Saved entries:
* * * * *

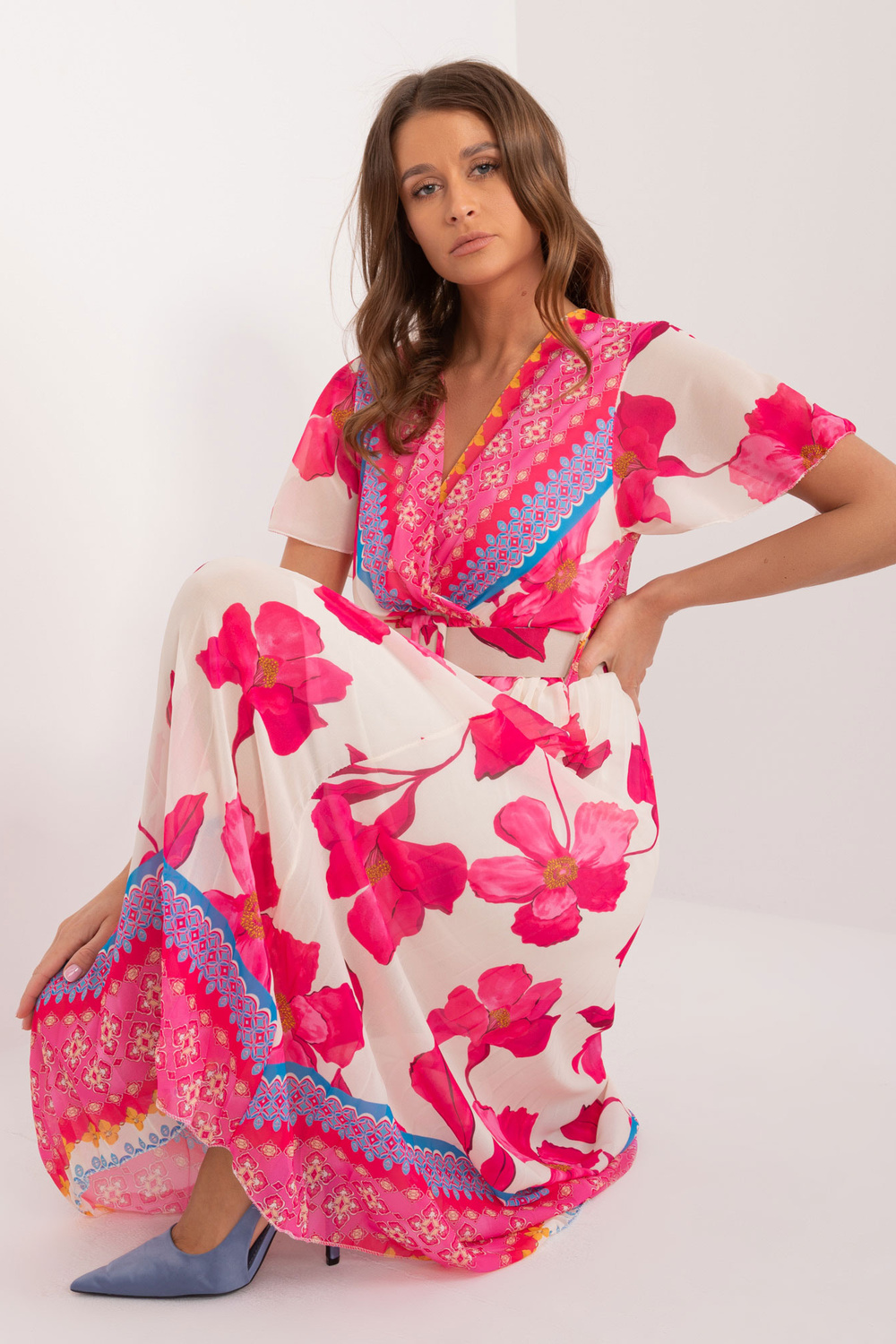 Modele valkā viena izmēra izmēru. Modeļa izmēri: augums 176 cm, krūtis 85 cm, viduklis 64 cm, gurni 92 cm.
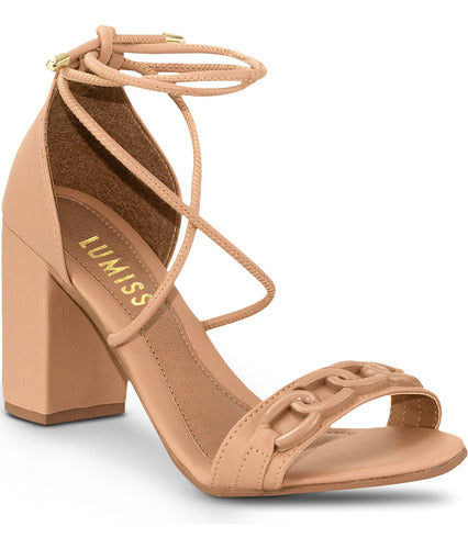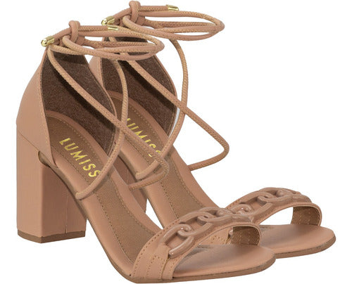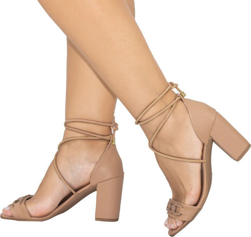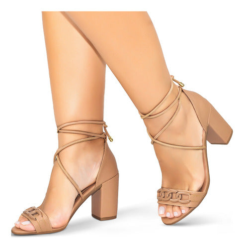 Sandalia Amarração Salto Grosso Alto Blogueira Moda Corrente
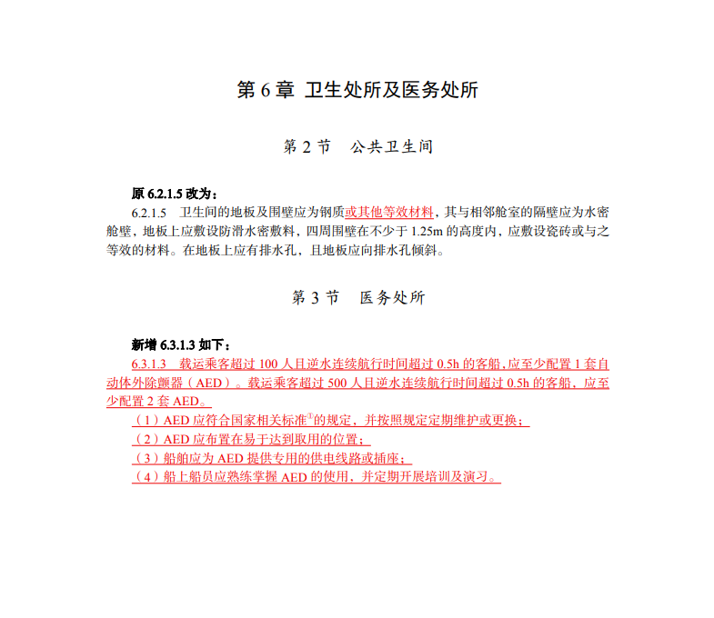 作为水上移动的公共场所,船舶环境封闭、船员长期处于高压工作状态,心血管疾病风险较高,而水上救援的响应时间往往以小时计,此时AED的及时使用,能直接大幅提升患者生存率。新规不仅给出了清晰的量化标准:载运乘客超 100人且逆水连续航行超0.5小时的客船至少配1套AED,载客超500人的同类船舶则需配2套;更对设备质量、维护更换、放置位置、供电保障及船员使用技能培训作出了细致规范,确保AED不只是 “摆设”,更能在紧急时刻真正发挥作用。
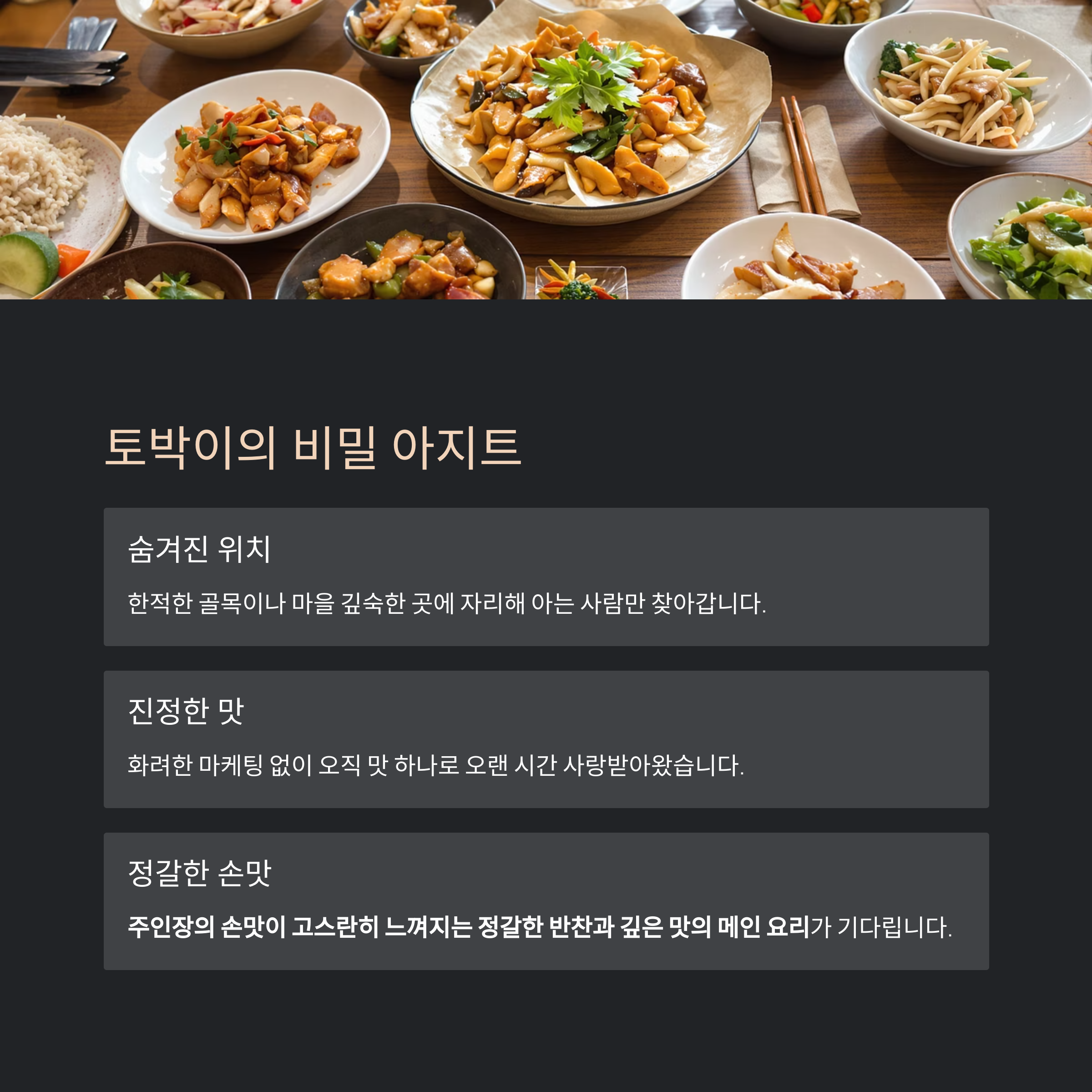 주인장의 손맛이 고스란히 느껴지는 정갈한 반찬과 깊은 맛의 메인 요리는 잊을 수 없는 감동을 선사합니다.
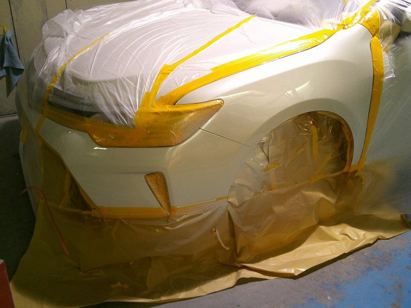 本来であればスポイラー等の付属品の脱着をするのですが、今回はそこまで費用をかけずに安くしてほしいとのご要望でしたので、マスキングにて作業させていただきました。
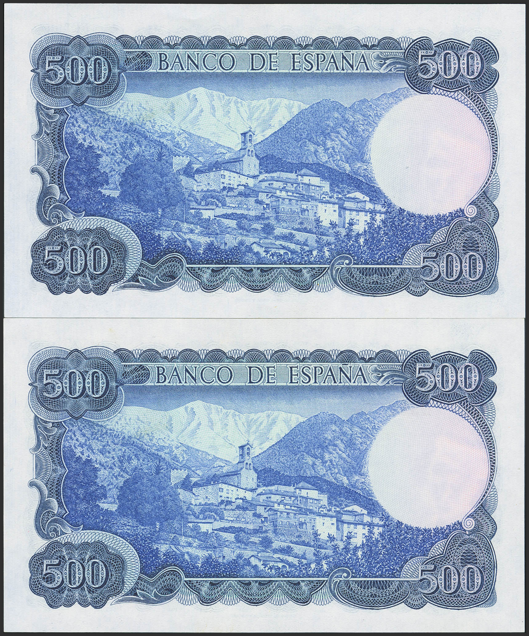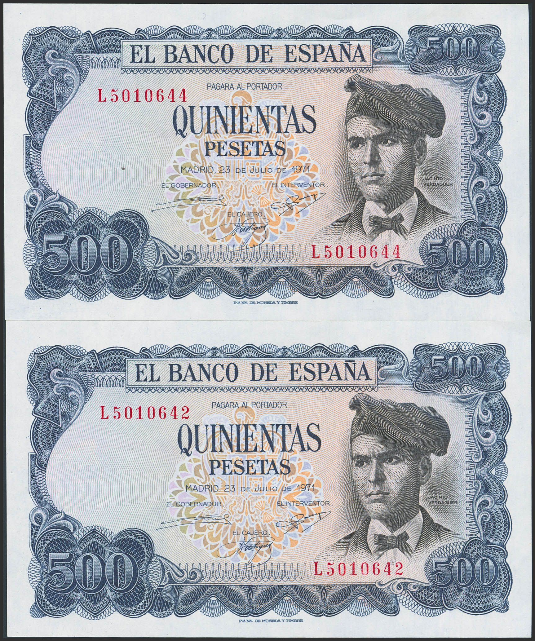 500 Pesetas. 23 de Julio de 1971. Pareja casi correlativa. Serie L. (Edifil 2023: 473a). SC-.

* * * * *

* **Work item**: What is needed is an exact copy of the records above, with no pictures in it.

* **Task solution**:
 Modele valkā viena izmēra izmēru. Modeļa izmēri: augums 176 cm, krūtis 85 cm, viduklis 64 cm, gurni 92 cm.
 Sandalia Amarração Salto Grosso Alto Blogueira Moda Corrente
 作为水上移动的公共场所,船舶环境封闭、船员长期处于高压工作状态,心血管疾病风险较高,而水上救援的响应时间往往以小时计,此时AED的及时使用,能直接大幅提升患者生存率。新规不仅给出了清晰的量化标准:载运乘客超 100人且逆水连续航行超0.5小时的客船至少配1套AED,载客超500人的同类船舶则需配2套;更对设备质量、维护更换、放置位置、供电保障及船员使用技能培训作出了细致规范,确保AED不只是 “摆设”,更能在紧急时刻真正发挥作用。
 주인장의 손맛이 고스란히 느껴지는 정갈한 반찬과 깊은 맛의 메인 요리는 잊을 수 없는 감동을 선사합니다.
 本来であればスポイラー等の付属品の脱着をするのですが、今回はそこまで費用をかけずに安くしてほしいとのご要望でしたので、マスキングにて作業させていただきました。
 500 Pesetas. 23 de Julio de 1971. Pareja casi correlativa. Serie L. (Edifil 2023: 473a). SC-.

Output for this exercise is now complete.